§ **Exercise instructions**
Copy the material below verbatim from the line with "包装清单: 毕亚兹 手机无线投屏器(R99-经典款)*1" to the line with "El parasol lateral", both lines included, omitting pictures and every line outside that range.

§ **Records provided**
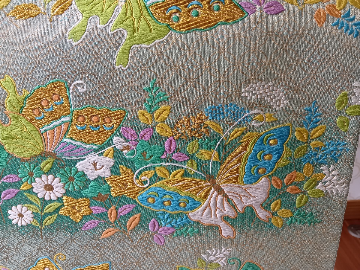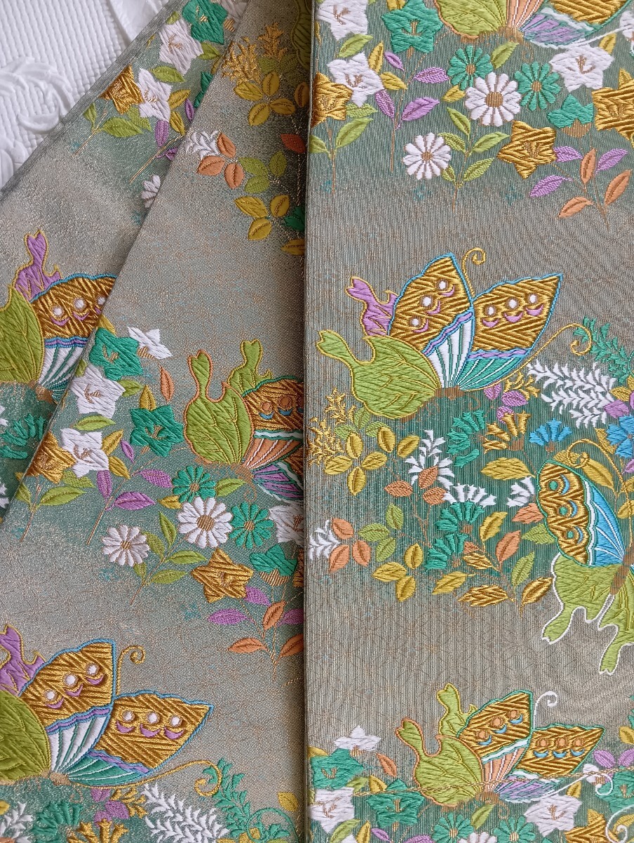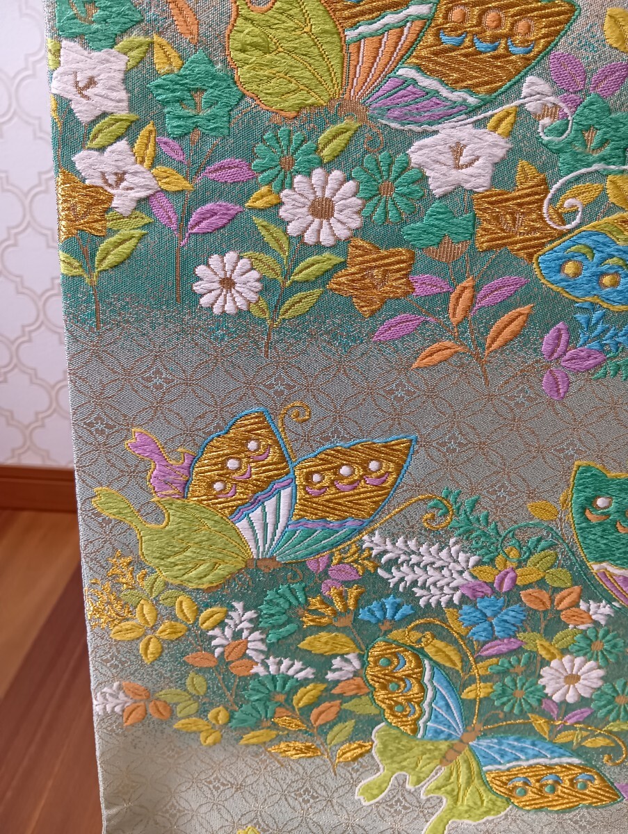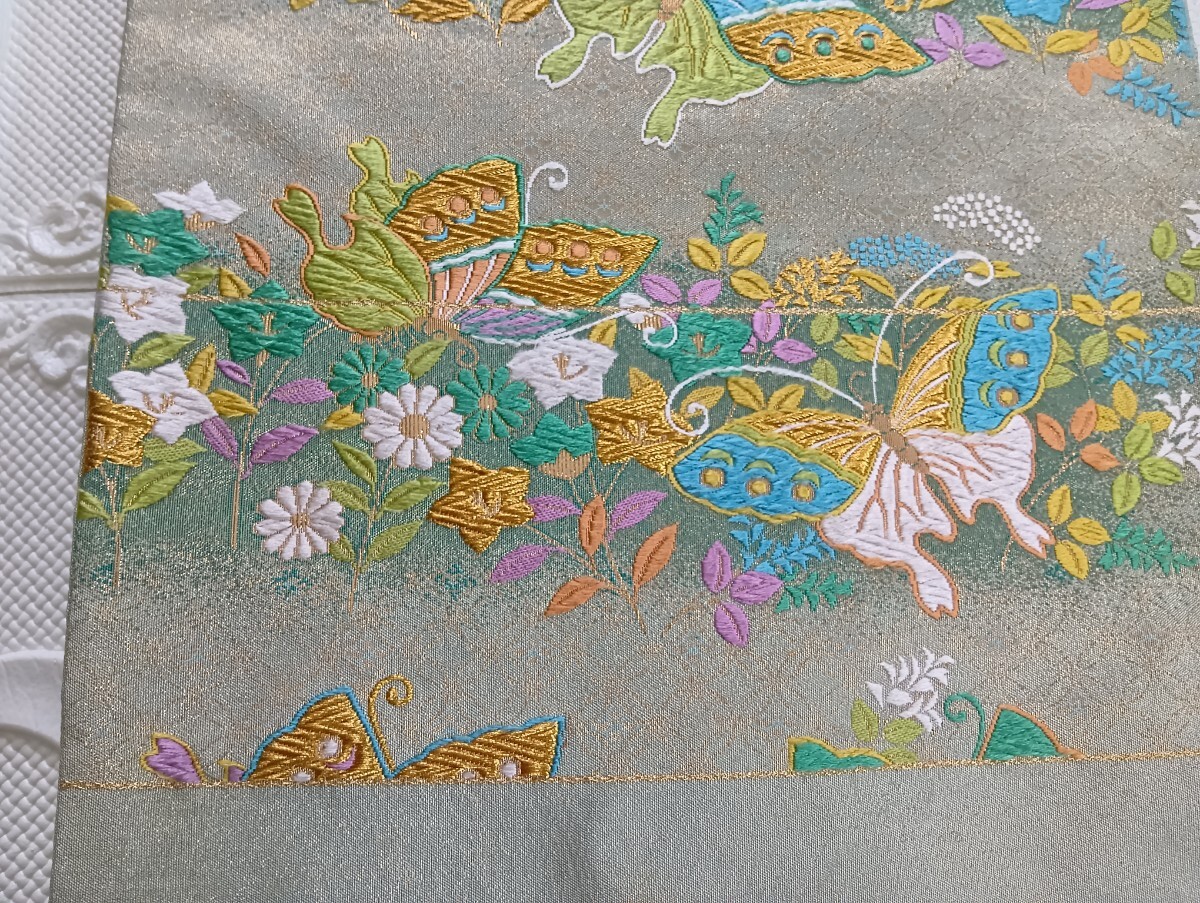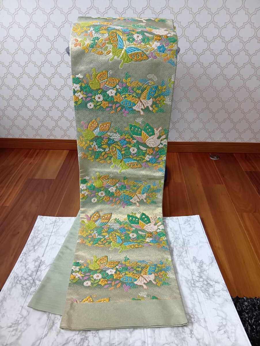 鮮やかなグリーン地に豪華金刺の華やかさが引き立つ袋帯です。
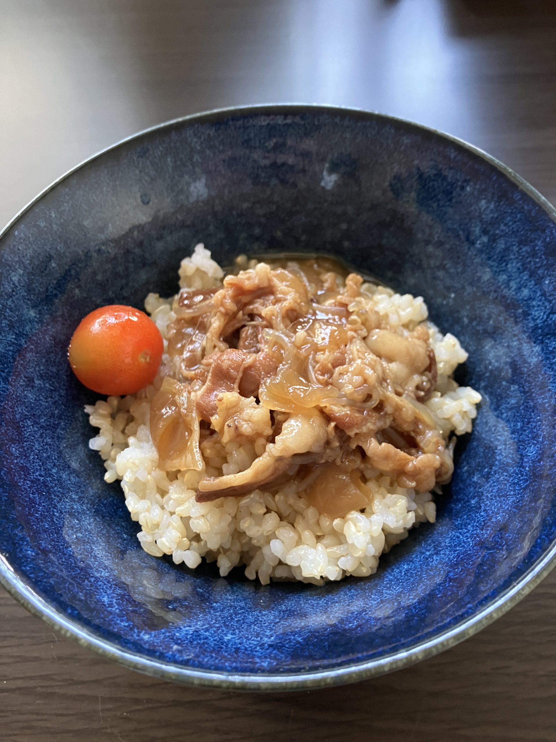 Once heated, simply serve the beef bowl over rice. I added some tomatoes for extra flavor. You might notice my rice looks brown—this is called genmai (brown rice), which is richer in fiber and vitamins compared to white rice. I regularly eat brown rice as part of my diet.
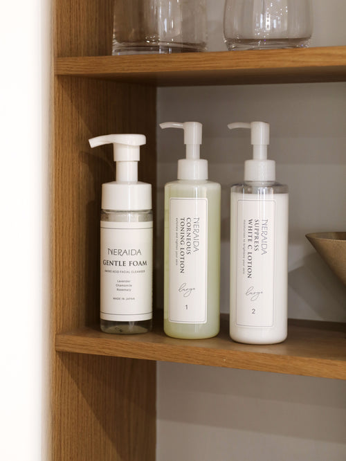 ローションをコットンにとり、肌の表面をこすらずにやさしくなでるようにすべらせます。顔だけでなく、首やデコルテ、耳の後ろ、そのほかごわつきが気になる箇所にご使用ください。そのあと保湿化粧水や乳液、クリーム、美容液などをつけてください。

--

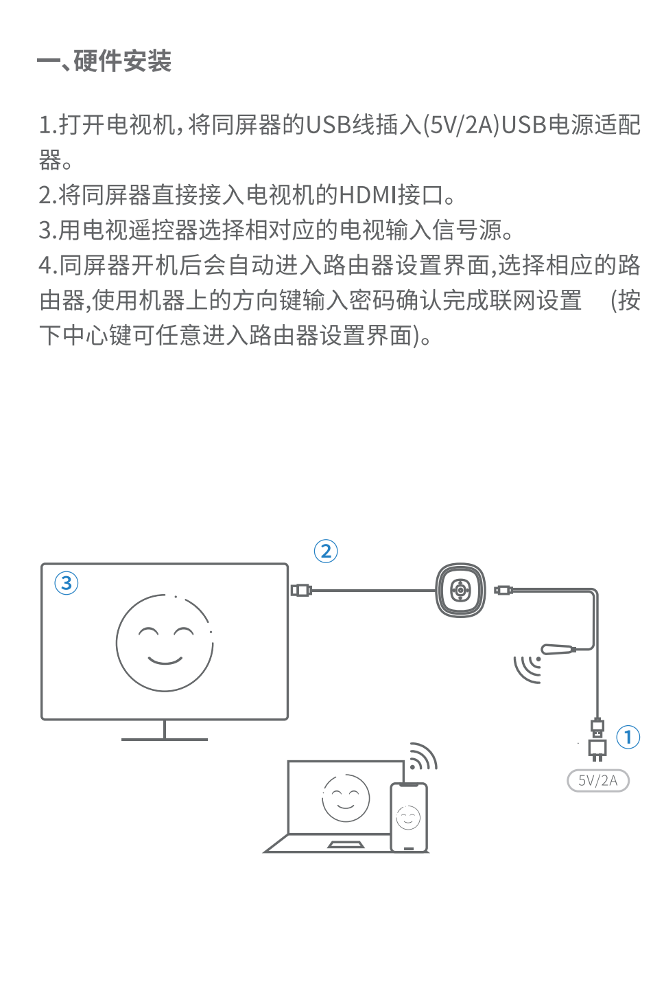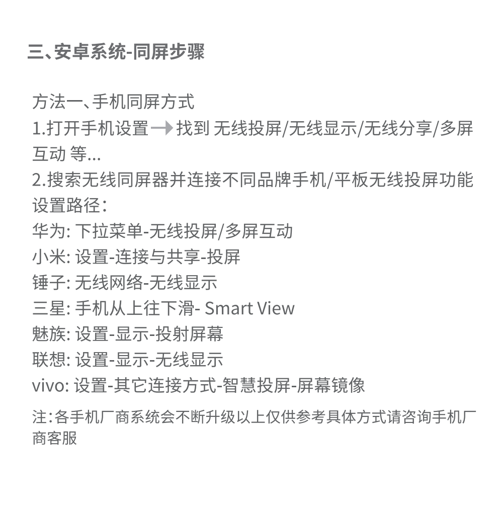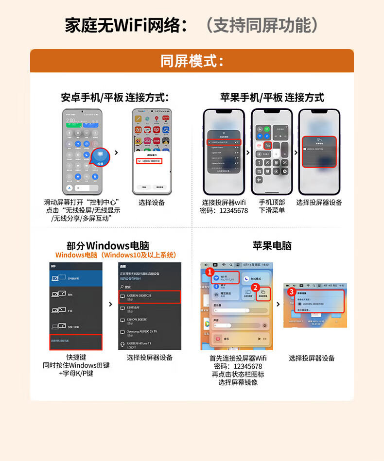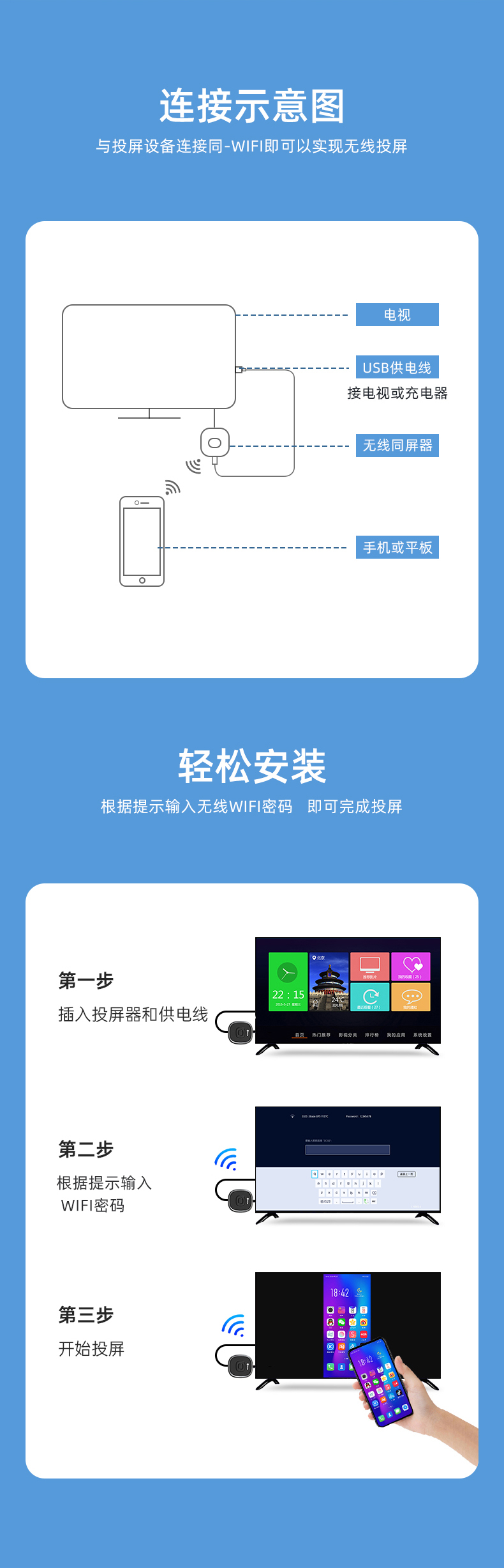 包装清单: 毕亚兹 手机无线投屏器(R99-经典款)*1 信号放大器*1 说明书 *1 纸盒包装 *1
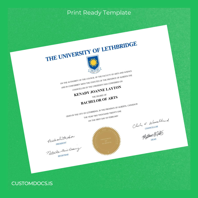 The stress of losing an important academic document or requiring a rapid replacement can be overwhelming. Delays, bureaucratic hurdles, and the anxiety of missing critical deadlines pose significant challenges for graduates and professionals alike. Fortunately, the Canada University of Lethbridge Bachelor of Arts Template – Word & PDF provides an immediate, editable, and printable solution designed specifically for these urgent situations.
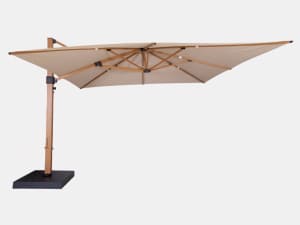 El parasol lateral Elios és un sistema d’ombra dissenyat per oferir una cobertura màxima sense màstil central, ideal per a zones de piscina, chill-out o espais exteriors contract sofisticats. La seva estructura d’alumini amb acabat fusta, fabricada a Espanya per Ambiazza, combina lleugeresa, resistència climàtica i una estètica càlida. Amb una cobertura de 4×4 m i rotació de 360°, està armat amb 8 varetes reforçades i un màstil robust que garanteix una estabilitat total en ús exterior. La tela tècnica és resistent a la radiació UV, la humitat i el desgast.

§ **Your response**
 包装清单: 毕亚兹 手机无线投屏器(R99-经典款)*1 信号放大器*1 说明书 *1 纸盒包装 *1
 The stress of losing an important academic document or requiring a rapid replacement can be overwhelming. Delays, bureaucratic hurdles, and the anxiety of missing critical deadlines pose significant challenges for graduates and professionals alike. Fortunately, the Canada University of Lethbridge Bachelor of Arts Template – Word & PDF provides an immediate, editable, and printable solution designed specifically for these urgent situations.
 El parasol lateral Elios és un sistema d’ombra dissenyat per oferir una cobertura màxima sense màstil central, ideal per a zones de piscina, chill-out o espais exteriors contract sofisticats. La seva estructura d’alumini amb acabat fusta, fabricada a Espanya per Ambiazza, combina lleugeresa, resistència climàtica i una estètica càlida. Amb una cobertura de 4×4 m i rotació de 360°, està armat amb 8 varetes reforçades i un màstil robust que garanteix una estabilitat total en ús exterior. La tela tècnica és resistent a la radiació UV, la humitat i el desgast.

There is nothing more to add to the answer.